Brown may have to enshrine that phrase on his office door once he returns to the Capitol on Tuesday, when he will start hammering out ideas on how to tame next year’s budget with legislators.
“Real life” in the Capitol for Brown begins with a $25.4 billion budget abyss, a scenario even worse than the tough times for which he had braced voters. Brown readily agreed with Gov. Arnold Schwarzenegger’s decision to call for a special session to tackle $6 billion in shortfalls for fiscal year 2010-11. The session begins Dec. 6, when new lawmakers are sworn in but before Brown takes office.
The massive deficit may force Brown’s hand earlier than he’d hoped on whether to seek voter approval of tax increases, political observers said. Brown, unlikely to get Republican support, has said he would not raise taxes unless voters approved them.
But progressives may not have the patience to accept further cuts in programs already decimated by three years of austerity without balancing them out with significant tax increases.
“I think he has to (seek tax hikes) immediately,” said Robin Swanson, a Democratic political consultant. “Unless he wants to be the first Democratic governor to come in and make $25 billion in cuts. People elected a new governor for a reason. My hope is he takes a new approach,” other than offering cuts-only budgets.
By vowing that he’d be frugal and tightfisted with taxpayer money, though, Brown may have bought some time to first try to show creative ways to cut down government spending.
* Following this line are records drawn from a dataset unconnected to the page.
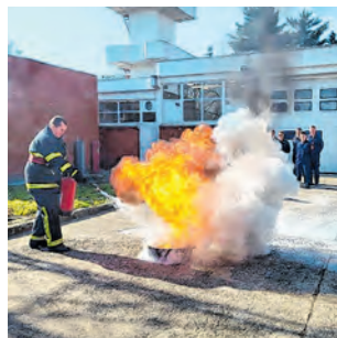
Kandidati su obavili i praktičnu obuku

va VZG Belišće, a na temelju Pravilnika o programu osposobljavanja i usavršavanja vatrogasnih kadrova, kandidati su uz teorijski dio obavili praktičnu obuku u rukovanju i uporabi vatrogasnih aparata za početno gašenje, a potom korištenje i način rada s izolacijskim aparatima u potencijalnom prostoru ugroženim od požara i obavili obuku pravilnog penjanja na ljestvama.
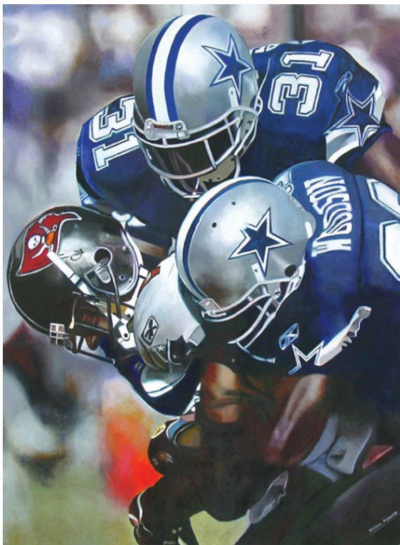
تصویر (۱۰): مورلی، درگیری، روغن روی کتان، ۴۹ × ۳۶ اینچ، مجموعه خصوصی، ۲۰۰۴

"مورلی در مصاحبه ای درباره موضوع این آثار جواب داد: موضوع این نقاشی ها "نقاشی" از آن هاست. من ارتباطی منطقی در نگاه مردم به این موضوعات برقرار کردم. نقاشی ها اجرا می شوند که دیده شوند. این ها بازیکنان هاکی روی یخ، اسکی، شنا و... هستند؛ همگی قهرمانان ورزشی اند. در زندگی نامه ای که از روتکو یافت شد، درباره اسطوره شناسی و اینکه چگونه در زمان های کهن اسطوره ها هر روز در کنار شما زندگی می کردند، سخن گفته شده. کلید عامل در اسطوره ها، قهرمانان هستند. در واقع من خواستم که نوعی اسطوره قهرمانان همگانی بسازم که این مستلزم شخصیت های ورزشی بود. وقتی ترانه ای برای عموم سروده می شود، باید وسوسه انگیز و گیرا باشد. بنابراین تصویر نیز باید گیرا و جذاب باشد. اما شما هیچ وقت درباره برداشت های مردم چیزی نمی دانید. اکثر مردم تصور می کردند که نقاشی های فتورئالیستی که در جنوب
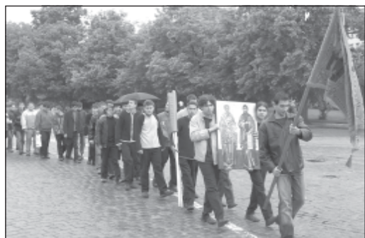
Семинаристи, начело на литийното шествие от храм „Св. Александър Невски“ до паметника на св. св. Кирил и Методий

В ранното утро на 24 май , денят на Българската просвета и култура, и на славянската писменост, възпитаниците на Софийската духовна семинария, по традиция се отправиха към Патриаршеската катедрала „Св.
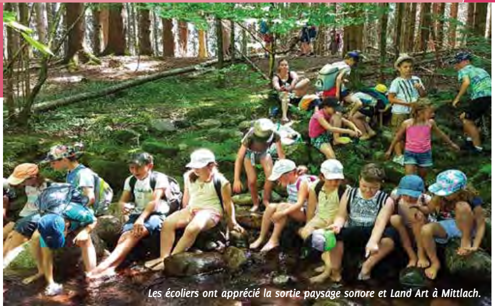
Les écoliers ont apprécié la sortie paysage sonore et Land Art à Mittlach.

Ce jour-là, les enfants ont aussi marché dans la forêt et traversé une rivière glacée en faisant également une chaîne humaine. Une très belle expérience pour tous.
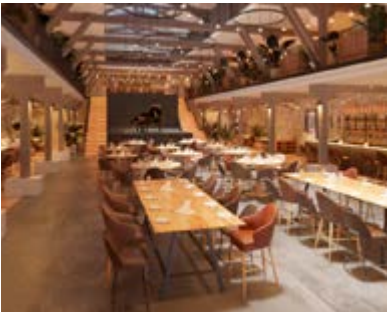
162 ter, boulevard Emile Delmas - La Pallice 17000 LA ROCHELLE
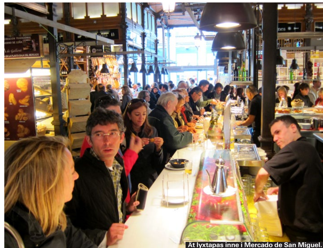
Ät lyxtapas inne i Mercado de San Miguel.
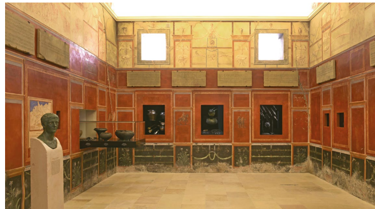
Ausstellungsraum „Die Erfindung der Germanen“
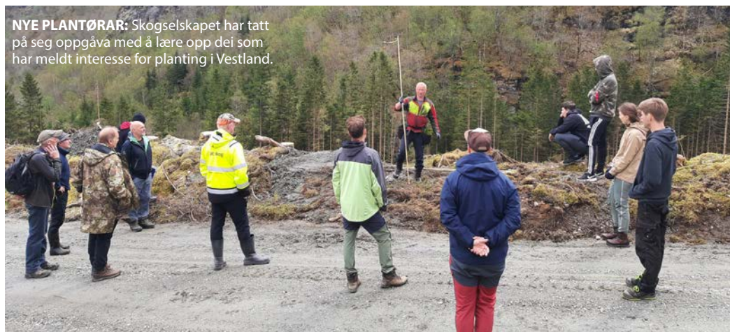
NYE PLANTØRAR: Skogselskapet har tatt på seg oppgåva med å lære opp dei som har meldt interesse for planting i Vestland.
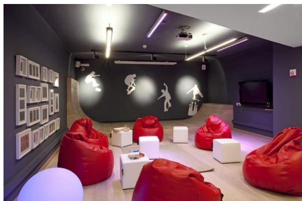
Рис. 5. Нейтральні кольори з яскравим акцентом
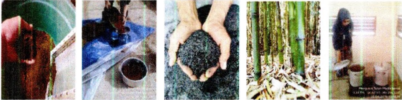
Media semai (tanah, pupuk kandang, sekam bakar, dan tanah rumpun bambu) dan proses pengukusan

lakukan pencampuran dengan tanah halus yang berasal dari rumpun bambu.
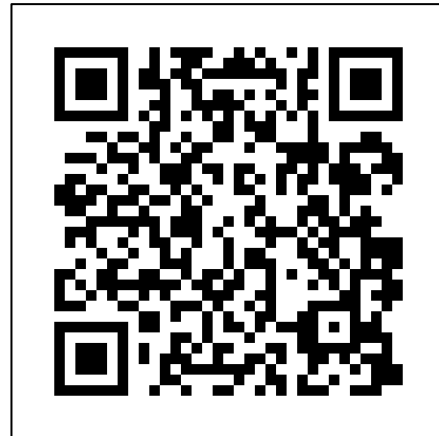
QR-Code zu der Website www.Trinkwasser.ch

Die Untersuchungsergebnisse sind für die Öffentlichkeit einsehbar. Der Schweizerische Verein des Gas- und Wasserfaches (SVGW) betreibt mit www.trinkwasser.ch eine Plattform, auf der Gemeinden ihre Trinkwasserwerte freiwillig publizieren können. Diese Plattform ist für die Wasserversorgungen zwar nicht obligatorisch, hat sich jedoch als sehr nützlich und benutzerfreundlich erwiesen.
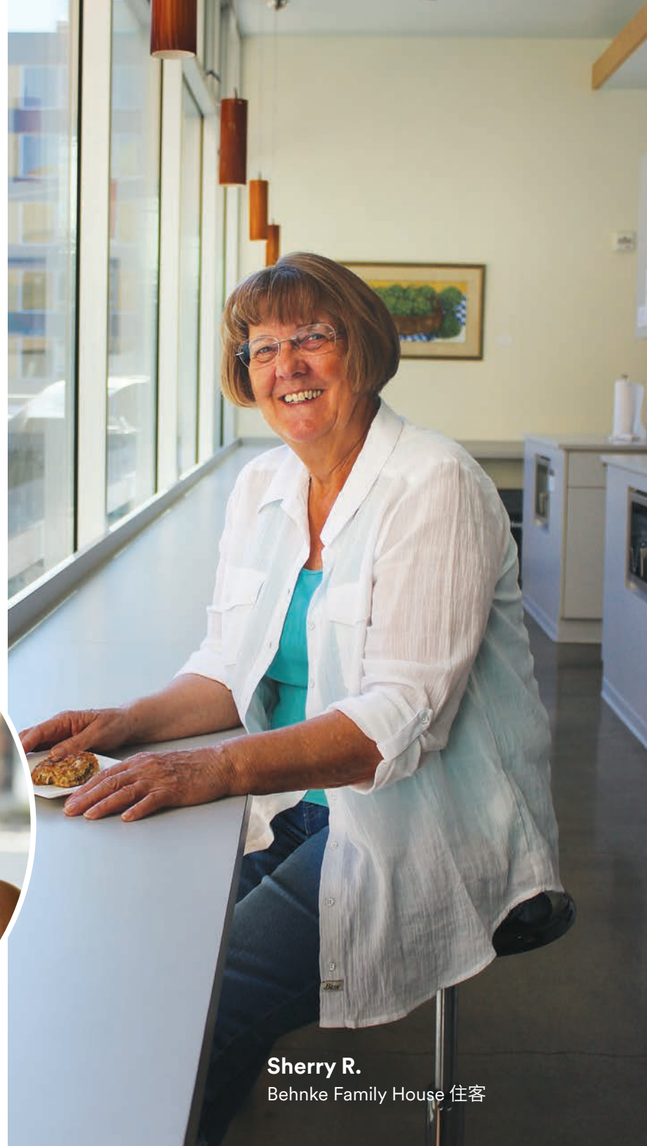
Sherry R. Behnke Family House 住客
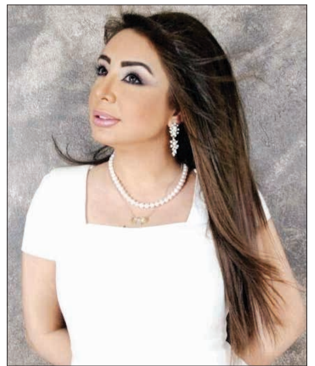
النجمة شيماء علي

وأضافت: «ونعم بالدول، وليكون على بالك إذا سميتوا ولدكم على اسم دولة معينة راح تنتقل هذه الدولة بالولد حتى المات.. حرام اللي يصير». جدير بالذكر أن شيماء شاركت خلال السباق الرمضاني لهذا العام بالمسلسل الكوميدي «رمانة»، إلى جانب الفنانة القديرة حياة الفهد، وعدد من نجوم الدراما الكويتية والخليجية.
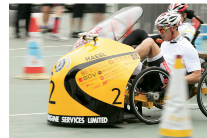
慈善腳踏車格蘭披治大賽

2012年，港發獲播道兒童之家提名為「商界展關懷」成員，肯定了我們對本地社區的貢獻。多年來，港發致力支持附近地區（包括九龍東）青年人的發展，藉此分享我們在社會、經濟和環境方面的價值觀念。
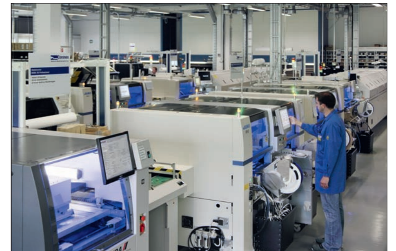
Modernisierung des Maschinenparks: neue SMD-Linien
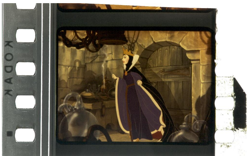
Figura 1. Blancanieves y los siete enanos,1937, Walt Disney. Fuente: Barbara Flueckiger, Timeline of Historical Film Colors.

A continuación, se presentan 2 de las imágenes analizadas la primera (figura 1) muestra a la reina en las mazmorras del castillo donde tiene su laboratorio, momentos antes de preparar la fórmula de envejecimiento y la manzana envenenada.
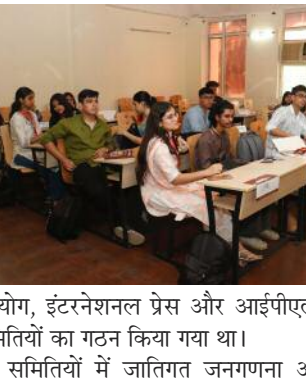
आयोग, इंटरनेशनल प्रेस और आईपीएल जैसी सात समितियों का गठन किया गया था। इन समितियों में जातिगत जनगणना और आरक्षण
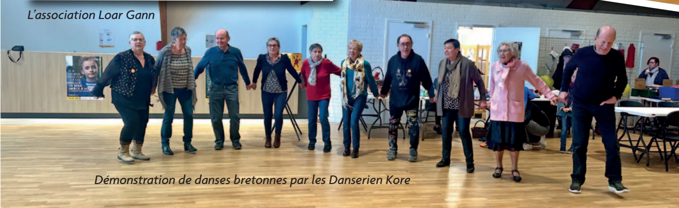
Démonstration de danses bretonnes par les Danserien Kore

“I think it’ll be at least a year before you see him try (to raise taxes),” said Jeff Raimundo, a Democratic political consultant. “He needs to show he’s fighting to control costs. He will be sympathetic to calls for taxes but, politically, I don’t think he can do it. He has to set the stage for a tax increase.”
Brown has already signaled he is unlikely to go to the voters immediately, saying the results of Proposition 21, in which voters turned down an $18 automobile fee hike to benefit parks, showed there is little patience now for new taxes. Voters also turned down a ballot measure to roll back corporate tax breaks, and voted for another to require a two-thirds legislative vote on fee increases.
Key players in Brown’s election are preparing to press the governor-elect and lawmakers to work out a budget that doesn’t place most of the burden on those receiving services.
Bill Lloyd, the president of the state’s largest public employee union, Service Employees International Union, insisted that voters rejected the “tired and shortsighted all-cuts approach” to budgeting by electing Brown.
Everything should be on the table from day one, said Steve Smith, spokesman for the California Labor Federation, “and that would include going to voters with something like (rescinding) corporate tax breaks. We support that. We don’t want to see regressive taxes any more than Republicans. People are struggling. But corporate taxes? Absolutely.”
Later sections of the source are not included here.